Открыв дверь, я кричу. Передо мной стоит какой-то парень. Высокий, крепкий, примерно того же возраста, что и я. У него длинные темные волосы, бледное лицо, и глаза его снизу подведены темной подводкой. Он воззряется на меня и вскидывает обе руки, сдаваясь, словно в руке я держу не телефон, а пистолет.
Мой страх сразу же сменяется яростью:
– Какого черта? Кто вы такой? – На мгновение мне показалось, что передо мной призрак, а не человек из плоти и крови. Но призрак не выглядел бы таким испуганным.
– Простите! Я могу все объяснить, пожалуйста, я могу все объяснить. – Он говорит что-то по-норвежски, затем снова переходит на английский: – Простите меня, это совсем не то, что вы подумали.
Мои ноги подгибаются, и я плюхаюсь на кровать, а он смотрит на меня так, будто незваный гость здесь это не он, а я.
– Где моя бабушка?
Он ошалело смотрит на меня, затем тихим голосом говорит:
– Я знаю только то, что слышал.
– И что же это? Да говорите же!
– Женщина, которая здесь жила, умерла. Ее похоронили на прошлой неделе.
Гниющие листья и дохлые твари
«Ты сильная личность. Ты это переживешь» – вот что сказал папа, когда увидел мой изуродованный левый глаз. Он мог бы с таким же успехом похлопать меня по плечу и выдать: «Я тебе не помощник. Тебе придется справляться с этим самой».
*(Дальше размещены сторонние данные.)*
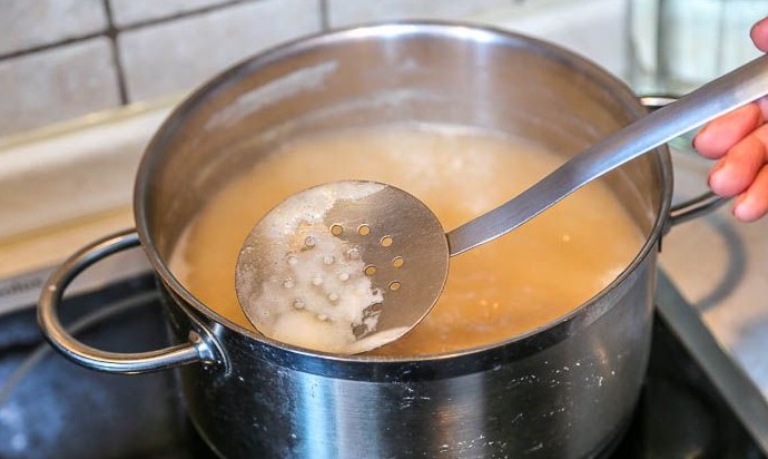 Уменьшить огонь и варить, снимая шумовкой пену, около 40 минут.

Сидя на кровати, я достаю из рюкзака два печенья. Я собиралась разделить их с Мормор – мое праздничное угощение, которым мы отметили бы то, что я все-таки смогла добраться сюда.
Не может быть, чтобы она умерла, это просто невозможно. Кто-нибудь обязательно бы известил маму, мы бы знали! Но, вероятно, какая-та частица моего существа и впрямь знала, какая-та частица меня, запрятанная глубоко-глубоко. Эта мысль подобна руке, взбаламутившей мутные воды, поднявшей со дна грязь и ил и выпустившей на поверхность все темное. По моему лицу ручьями текут слезы, а руки сами сжимаются в кулаки, кроша печенья в пыль. Весь мир размывается, становится серым, и в нем нет больше ничего, кроме тупой боли в груди.
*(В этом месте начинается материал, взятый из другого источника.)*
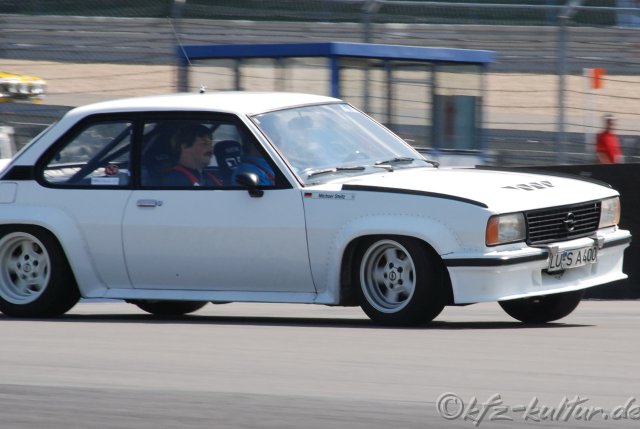 "Das ist wunderbar hier", berichtet Schauspieler Rolf Zacher aus dem Cockpit des orangefarbenen DTM-Opel Omega.  Für ein Wochenende darf der Berliner seine Autoträume ausleben. "Ich liebe Limousinen", sagt Zacher. "Und mit 400 Pferdchen macht der Omega richtig Spaß". Die insgesamt 13 Fahrzeuge umspannen über 100 Jahre Motorsport-Geschichte. Am Steuer eines der ältesten Fahrzeuge der Präsentation sitzt der Vorsitzende der Geschäftsführung von Opel, Hans Demant: "Eine tolle Atmosphäre herrscht hier auf dem Nürburgring". Mit seinen Fahrerkollegen stellt er stolz die Fahrzeuge aus dem Opel-Werksmuseum vor. "Wir wollen alle Autos der Sammlung fahrbereit halten". Manuel Reuter steigt in seinen Opel Calibra, mit dem er vor 11 Jahren die ITC-Weltmeisterschaft gewann, einer der größten Opel-Erfolge. "Toll, dass der Calibra so gut in Schuss ist". Beim Fahren auf der Grand-Prix-Strecke des Nürburgrings werden beim 45-Jährigen Erinnerungen an die DTM der 90er Jahre wach. "Der Calibra ist so leistungsstark, dass er sich vor den modernen Autos nicht zu verstecken bräuchte".Im Fahrerlager ist der zweifache Le-Mans-Sieger vom sehr guten Zustand der Fahrzeuge begeistert.  "Das Fahren mit einem bestimmten Auto interessiert dabei weniger als die Technik und die Erhaltung der alten Rennwagen", sagt Reuter. Christian Geistdörfer fährt mit dem Opel Ascona 400 von 1982 auf die Strecke. An der Seite von Walter Röhrl feierte er mit diesem Fahrzeug die Rallye-Weltmeisterschaft. "Opel war damals den gegenüber den Mitbewerbern logistisch besser und standhafter", erzählt Geistdörfer. Wenn er nicht am Steuer des Weltmeisterautos sitzt oder im Interview am Opel-Zelt im Fahrerlager Rede und Antwort steht, geht er auf die Suche nach Automodellen. "Aber es gibt kaum noch Modelle, die ich nicht habe", so Geistdörfer. Für den stolzen Besitzer eines Ferrari 250 GT Pininfarina von 1959 ist der Besuch beim AvD-Oldtimer-Grand-Prix ein Muß. "Die Präsentation von Opel ist ein willkommener Anlaß zum Besuch in diesem Jahr".

С моего носа капают сопли, и я утираю их рукавом.
– Как она?..
Парень смотрит куда-то за мою спину.
– Думаю, во сне.
Я поворачиваюсь и устремляю взгляд на кровать. Разноцветное, яркое, связанное крючком одеяло Мормор кажется мне невыносимо веселым. Между двумя подушками в белых наволочках втиснута кособокая думка в форме сердца, которую мы с ней сделали вместе, когда мне было восемь лет.
Моя бабушка умерла в той самой кровати, на которой я сейчас сижу.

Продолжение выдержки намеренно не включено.